Formation of Vent 5 on 11 October. An ash eruption at 0021 on 11 October came from a new vent on the Tar River side of the Castle Peak dome, and damaged the EDM reflector at Tar River. A small earthquake swarm accompanied this vent formation. There were two more small ash eruptions later that day at 1540 and 1700. Although no significant changes to the dome were noted, steaming continued from its top; Vent 1 was also steaming, and appeared to be larger and deeper. Scientists noted that steam emissions from the crater had generally increased.

Three more ash eruptions occurred on 12 October, at 0901, 0955, and 1114. Continuous steam emission came from several areas in the crater and Vent 5. Two episodes of broadband tremor during 12-13 October were attributed to increased steam emission. Seismicity was low, with only 22 events during 11-13 October. No deformation was detected following this latest series of explosions.

Formation of Vent 6 on 14 October. An eruption at 0708 on 14 October created another vent on the NE flank of Castle Peak dome, generated a significant amount of ash, and ejected blocks as far as the edge of Long Ground, ~1 km E of the vent. A pilot reported that the plume may have reached ~2 km altitude. Another eruption at 1058 caused no reported ashfall. Two gas venting episodes at 2200 and 2345 on the 14th were associated with a small earthquake swarm and broadband tremor episodes. Vent 2 again emitted moderate amounts of steam, accompanied by a loud roaring sound, and Vent 5 continued to emit small amounts of steam. Seismicity decreased from 18 events on 13-14 October to five events accompanied by broadband tremor on 15-16 October.

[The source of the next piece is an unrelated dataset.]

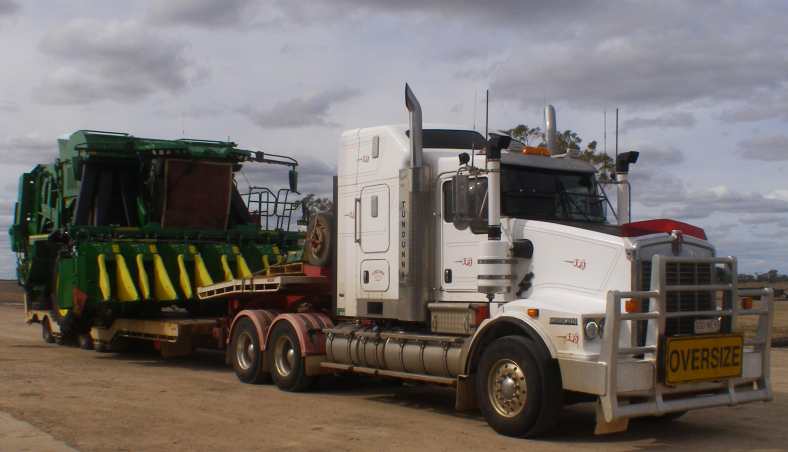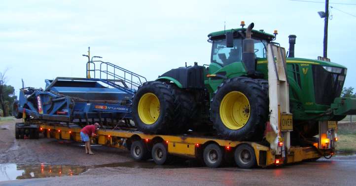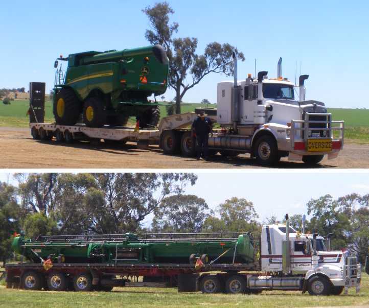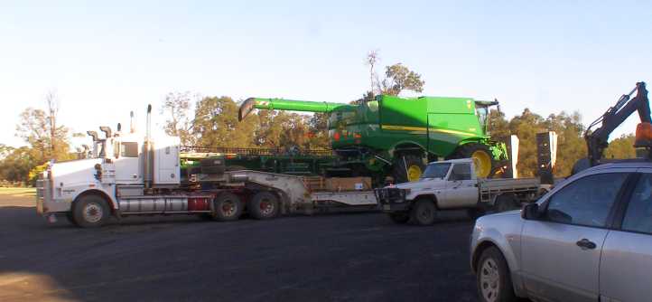 Late arrival. It was late in the day when the header arrived at the farm, delays unloading caused further lateness.

Seismicity increased again on 16-17 October with 22 events clustered in two areas: one beneath the volcano and the other just E of Windy Hill. Steam-and-ash eruptions were recorded by the seismic network at 1757 and 2245 on 16 October, and at 1150 and 1522 on the 17th. There were also several episodes of broadband tremor and ~30 minutes of low-frequency harmonic tremor starting around 0414 on 17 October. Later that morning an aerial inspection of the crater showed no significant changes and little steaming. During a second flight at 1145, a large mudflow originating within the crater moat beyond Vent 2 was seen running rapidly down the Hot River and reaching the sea. This was probably the largest mudflow (in terms of volume of material) since the current activity began.

During 17-18 October there were 12 scattered earthquakes, several periods of broadband tremor, and some intermediate-frequency tremor. Ash eruptions were recorded at 1739 on the 17th and at 0530 on the 18th. The dome area continued to emit steam, but did not increase in size.

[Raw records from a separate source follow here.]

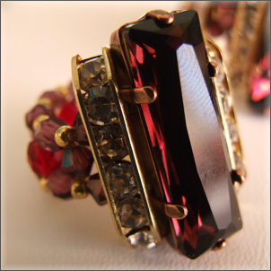 Composition : cristal Swarovski©, cristal de Bohême, rocailles dorées
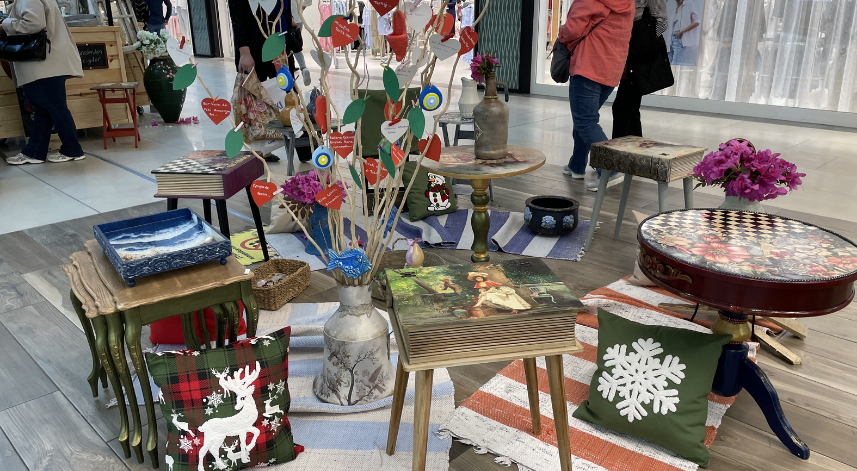 Kentteki bir alışveriş merkezinde, "Anneler Günü" kapsamında açılışı yapılan sergide, asırlık bir eve ait pencereden dönüştürülen tablolar, eski güğümlerden oluşturulan eserler, tepsiler, sehpalar, işleme yapılmış yastıklar, bez çantalar, kitap ayraçları, boyama yapılmış tabaklar yer alıyor.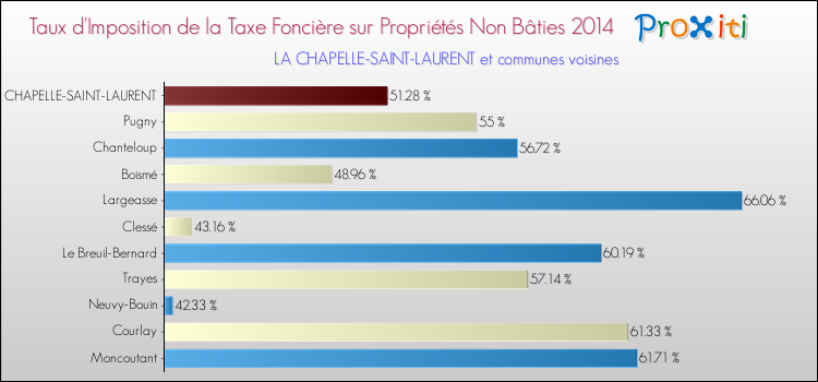 En 2014, le taux de la taxe foncière sur le non bâti vôté par le conseil municipal de La Chapelle-Saint-Laurent était de : 51.28 %.

Formation of Vent 7 on 18 October. The 31 earthquakes during 18-19 October were clustered beneath the volcano. Several broadband tremor episodes and one period of low-frequency tremor were also detected. An eruption at 1621 on the 18th was associated with the formation of a new vent within the moat area of English's Crater, just SW of Vent 1. Another eruption was recorded at 2207 on the 18th. An explosive event around 1516 on 19 October generated a mudflow down the Hot River. During 19-20 October there were 28 earthquakes located; the events were scattered throughout S Montserrat, with some clustered beneath Soufriere Hills and St. Georges Hill.

There were 15 VT earthquakes on 20-21 October concentrated around the Long Ground/Soufriere Hills area. Several eruption episodes on 21 October resulted in ashfall that affected villages in the E. Ash fell at the airport for the first time, closing it briefly. No deformation was detected at the Tar River EDM or Long Ground tilt stations. Helicopter observations revealed that Vent 1 had extended E and was responsible for the previous ashfall. There was a small mud flow down the Tar River.

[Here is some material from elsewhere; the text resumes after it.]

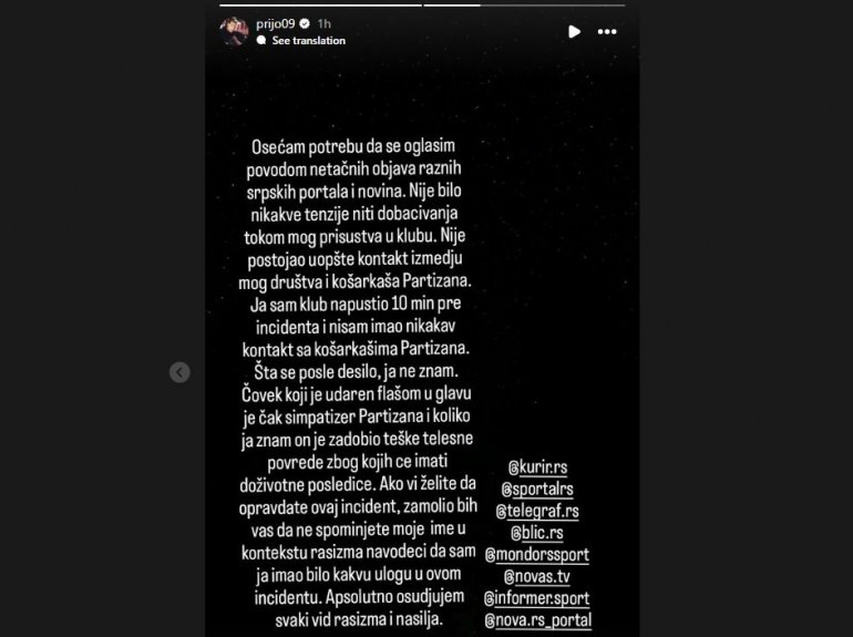 - Осећам потребу да се огласим поводом нетачних објава разних српских портала и новина. Није било никакве тензије, нити добацивања током мог присуства у клубу. Није постојао уопште контакт између мог друштва и кошаркаша Партизана. Ја сам клуб напустио 10 минута пре инцидента и нисам имао никакав контакт са кошаркашима Партизана. Шта се после десило, ја не знам - почео је српски фудбалер.

An average of 35 earthquakes/day occurred during 21-23 October. They were scattered throughout S Montserrat with some concentrations in the Long Ground-Tar River area and beneath the volcano. Some broadband tremor was also recorded. Visual observation of English's Crater both from helicopter and Tar River on 22 October revealed light steam emission from vents 2 and 5. When observed on the morning of 23 October, the September dome continued to steam, and was covered with sulfur deposits; it may also have grown since last observed on 20 October. Only one other small area SE of the dome was steaming. An eruption at 1337 on 23 October produced ash deposits within the summit crater and at Tar River. Steam emission increased after this eruption.

Seismicity decreased following this eruption to 10-14 events/day through 29 October, except for 22 events on the 27th. Locations were mainly beneath the volcano, although some were centered in the Windy Hill area and other parts of S Montserrat. An eruption at 1325 on 25 October caused ashfall in the Tar River area. Eruption signals were again recorded at 2314, 2321, and 2347 on 25 October, and at 0447 on the 26th; no ashfall was reported. Several episodes of low-amplitude broadband tremor were recorded during 25-26 October. EDM measurements at Tar River on 26 October indicated a continuation of the minor inflation observed during the past several weeks.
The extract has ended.